Start of Excerpted records
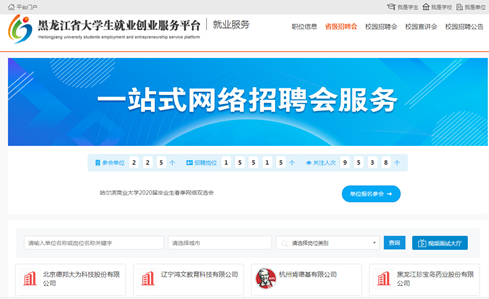 我校2020届毕业生春季网络招聘会于3月9日顺利启动,此次招聘会将历时两周。本次网络招聘会吸引了中国能源建设集团、中铁城建集团、冰山技术服务(大连)有限公司、黑龙江省完达山乳业股份有限公司等225家用人单位参加,提供就业岗位15515个,目前,招聘会关注人次达9538人。
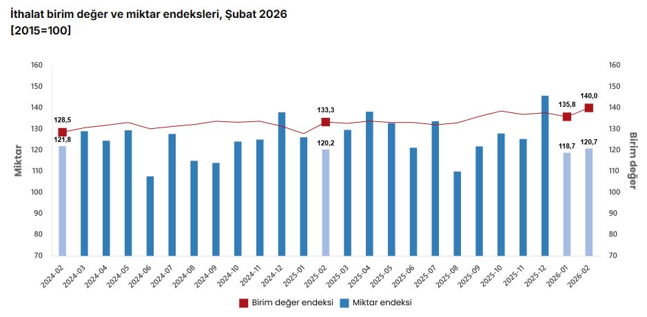 İthalat birim değer ve miktar endeksleri, Şubat 2026
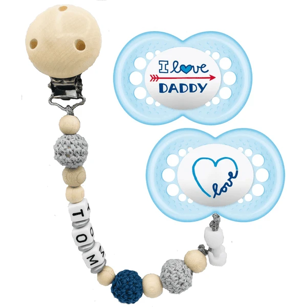 - Du bekommst 2 x original MAM Schnuller – I Love Daddy – im 2er Set Junge mit wunderschöner Schnullireich Schnullerkette mit Namen aus Naturholz und handgehäkelten Perlen
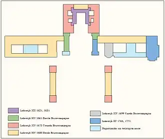 In groen de restauraties en renovaties van 2000-2010. De opera, het gedeeltelijk vergulde dak van het corps de logis en het voorplein werden hersteld. De zuidelijke vleugel en de menus werden grootscheeps verbouwd. Het beeld van Lodewijk XIV is van het cour d'honeur verdwenen.
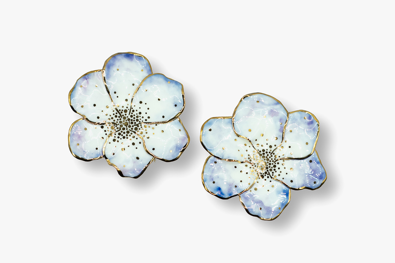 These are soft blue abstract flower shaped earrings that were hand modelled in porcelain and adorned with 24 carat gold.
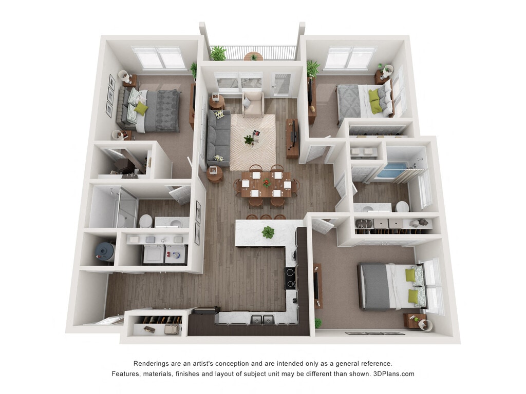 Apartment Model: Three BedroomFrom $1,6603 Bedroom, 2 Bath, 1230 sq ftAvailable Now![]()
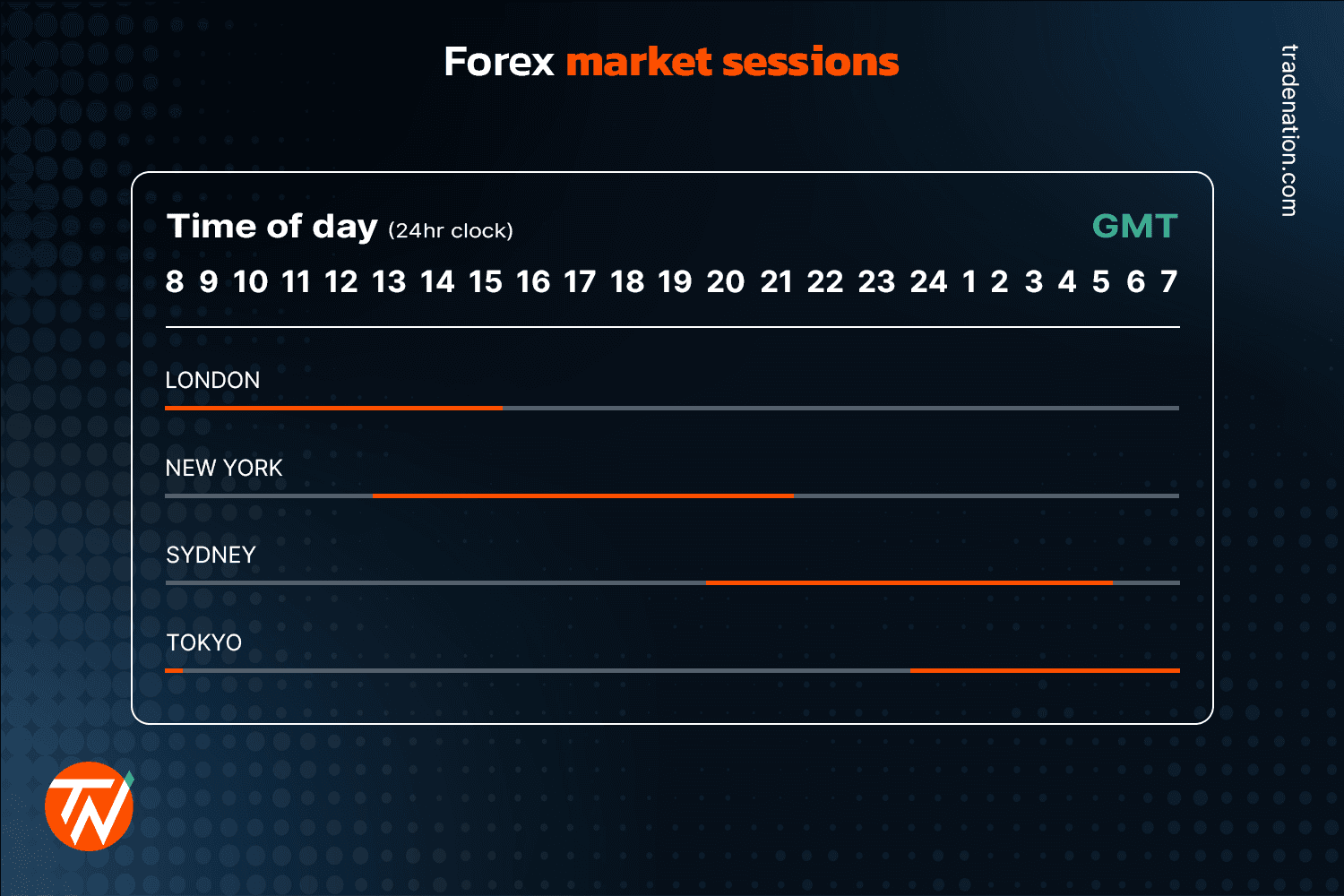 The world has four main financial centres where the market is conducted and maintained: Sydney, Tokyo, London, and New York. The order in which the Forex market hours move is Sydney, Tokyo, London, and New York.
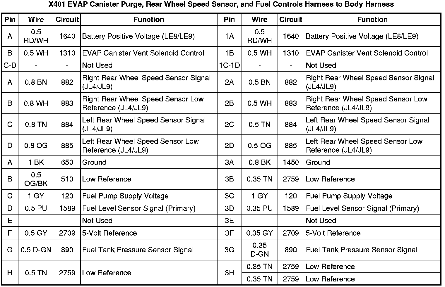 X401 EVAP Canister Purge, Rear Wheel Speed Sensor, and Fuel Controls Harness to Body Harness
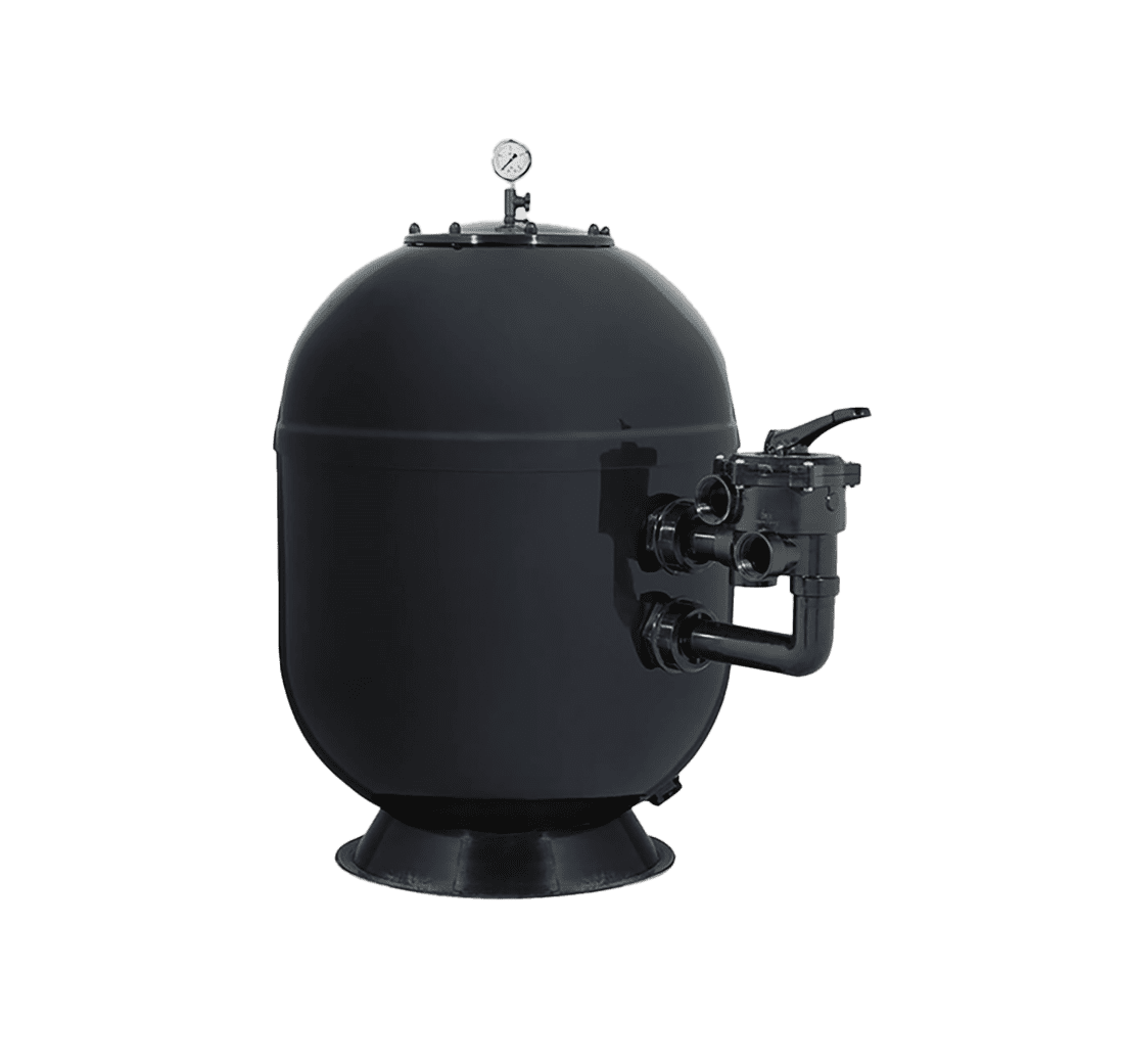 Filtro laminado para piscina privada, fabricado con estándares industriales, tanque en fibra de vidrio reforzado, resistente a los rayos UV.
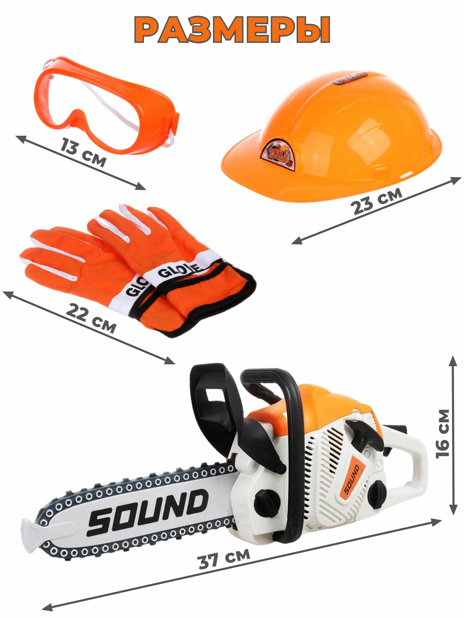 Купить Игрушечная бензопила детская на батарейках игрушка с аксессуарами, звук мотора, вращение цепи, строительный инструмент
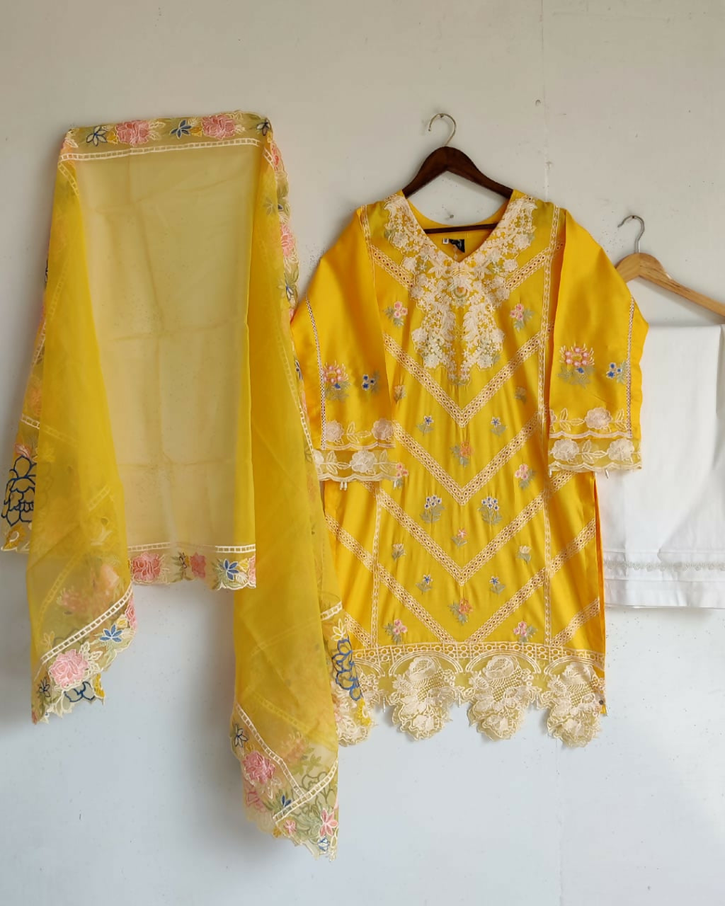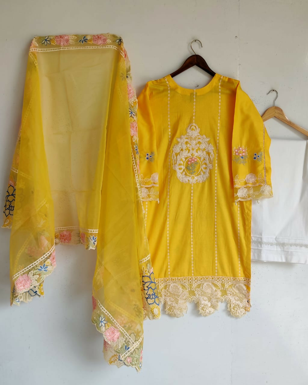 Fully Heavy Embroidered Lawn Front, Back & Sleeves with Chicken Kari Work
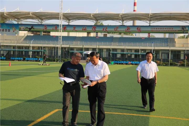 6月10日下午,菏泽市副市长高荣国、菏泽市体育局局长史长华、菏泽市体育局副局长赵学英一行在曹州武校校长贾其武陪同下到菏泽市足球学校调研,重点察看菏泽足校校园足球工作开展情况。
End of Excerpted records
Return each of the lines exactly as they appear above, with no images.

Written answer:
 我校2020届毕业生春季网络招聘会于3月9日顺利启动,此次招聘会将历时两周。本次网络招聘会吸引了中国能源建设集团、中铁城建集团、冰山技术服务(大连)有限公司、黑龙江省完达山乳业股份有限公司等225家用人单位参加,提供就业岗位15515个,目前,招聘会关注人次达9538人。
 İthalat birim değer ve miktar endeksleri, Şubat 2026
 - Du bekommst 2 x original MAM Schnuller – I Love Daddy – im 2er Set Junge mit wunderschöner Schnullireich Schnullerkette mit Namen aus Naturholz und handgehäkelten Perlen
 In groen de restauraties en renovaties van 2000-2010. De opera, het gedeeltelijk vergulde dak van het corps de logis en het voorplein werden hersteld. De zuidelijke vleugel en de menus werden grootscheeps verbouwd. Het beeld van Lodewijk XIV is van het cour d'honeur verdwenen.
 These are soft blue abstract flower shaped earrings that were hand modelled in porcelain and adorned with 24 carat gold.
 Apartment Model: Three BedroomFrom $1,6603 Bedroom, 2 Bath, 1230 sq ftAvailable Now![]()
 The world has four main financial centres where the market is conducted and maintained: Sydney, Tokyo, London, and New York. The order in which the Forex market hours move is Sydney, Tokyo, London, and New York.
 X401 EVAP Canister Purge, Rear Wheel Speed Sensor, and Fuel Controls Harness to Body Harness
 Filtro laminado para piscina privada, fabricado con estándares industriales, tanque en fibra de vidrio reforzado, resistente a los rayos UV.
 Купить Игрушечная бензопила детская на батарейках игрушка с аксессуарами, звук мотора, вращение цепи, строительный инструмент
 Fully Heavy Embroidered Lawn Front, Back & Sleeves with Chicken Kari Work
 6月10日下午,菏泽市副市长高荣国、菏泽市体育局局长史长华、菏泽市体育局副局长赵学英一行在曹州武校校长贾其武陪同下到菏泽市足球学校调研,重点察看菏泽足校校园足球工作开展情况。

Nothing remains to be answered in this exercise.